1. Can write permission be added to /proc/sys/kernel/core_pattern?

• The answer is no. The default permissions are as follows (owner has read and write permissions, group users and other users only have read permissions).

• For /proc/sys/kernel/core_patternfiles, read permissions cannot be added directly. This is because /procthe directory and the files under it are procfspart of the virtual file system ( ), used to provide access to kernel and process information, and their permissions and ownership are controlled by the kernel, not restricted by the Linux file system permission model .
• In /proca directory, the permissions of each file and directory are usually set to read-only, and users are not allowed to modify their permissions directly.
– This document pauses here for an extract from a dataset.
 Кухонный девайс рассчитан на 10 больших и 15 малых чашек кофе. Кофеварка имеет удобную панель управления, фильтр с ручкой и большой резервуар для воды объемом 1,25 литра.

This is to ensure the integrity and consistency of the information provided and to prevent unauthorized changes to the kernel and process state.
• Therefore, there is no way to directly add read permission to or change its permissions, via regular  chmod commands or otherwise  . /proc/sys/kernel/core_patternI get an error when trying to execute a command like:
  • sudo chmod +w /proc/sys/kernel/core_pattern
• You will get an error message like "Operation not permitted" or "Operation not permitted".

---

/proc/sys/kernel/core_pattern 2. Why are changes to files reset to default after a system reboot  ?
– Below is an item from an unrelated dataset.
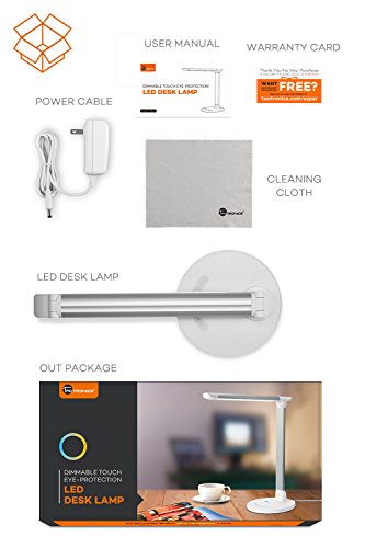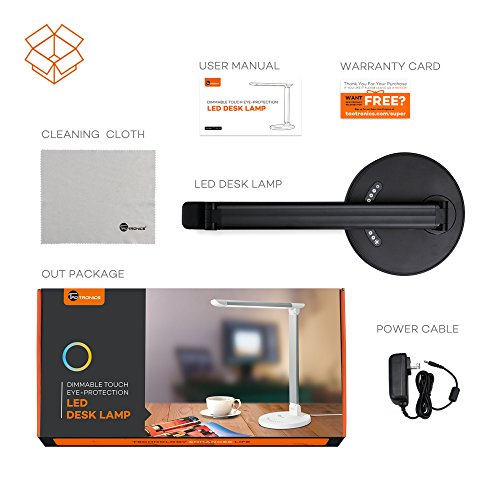 Package contents: 1 x TaoTronics LED desk lamp (model: tt-dl13 black) 1 x power adapter 1 x user manual 1 x cleaning cloth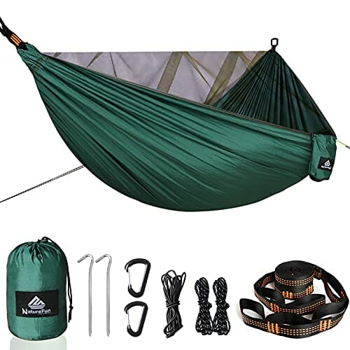 NatureFun Ultralekki hamak kempingowy z siatką, udźwig 300 kg, (290 x 140 cm), oddychający, 4 x karabińczyk premium, 3 x nylonowe pętelki, 2 linki napinające, 2 szlifowane gwoździe

• This is because /proc/sys/the files in the directory are dynamically generated during kernel startup, and their values ​​come from kernel parameters or other system settings. On system restart, these files are reloaded with their default values ​​or values ​​specified by certain configuration files.

---

3. How to achieve permanent /proc/sys/kernel/core_pattern file modification? (There is a problem with this one)

• Edit /etc/sysctl.confthe file: ( This method is not very good. After each system restart, you need to execute the sudo sysctl -p command to modify the value of /proc/sys/kernel/core_pattern )
  • The file can be edited  /etc/sysctl.conf to add changes to the core dump file schema to the file as follows:
    • kernel.core_pattern = core
  • After saving and exiting the file, use the following command to reload the configuration for the new core dump file mode to take effect:
    • sudo sysctl -p
• Create and edit a system startup script: You can write a script to set the core dump file mode to the desired value at system startup. Place the script in an appropriate location, such as /etc/init.d/a directory, and set it to execute at system startup. ( Tested to no avail )
  • Create Startup Script File: Creates a new file in the selected directory
    • sudo vim /etc/init.d/my_startup_script.sh
  • Write the startup script: add the following content in the script, save it successfully and exit.
    • #!/bin/bash
    • echo "core" >> /proc/sys/kernel/core_pattern
    • exit 0
  • Give the script execution permission: use the following command to give the execution permission to the startup script file
    • sudo chmod +x /etc/init.d/my_startup_script.sh
  • Configure startup script execution: Add startup scripts to the system's startup process to ensure execution when the system starts
    • sudo update-rc.d my_startup_script.sh defaults
  • To disable the startup of the script, you can use the following command (learn)
    • sudo update-rc.d -f my_startup_script.sh remove

---

Notice

• It should be noted that changing  /proc/sys/kernel/core_pattern the permissions and content of files is a sensitive operation, which may affect the stability and security of the system. Always be careful and make sure you understand the impact of the changes you make.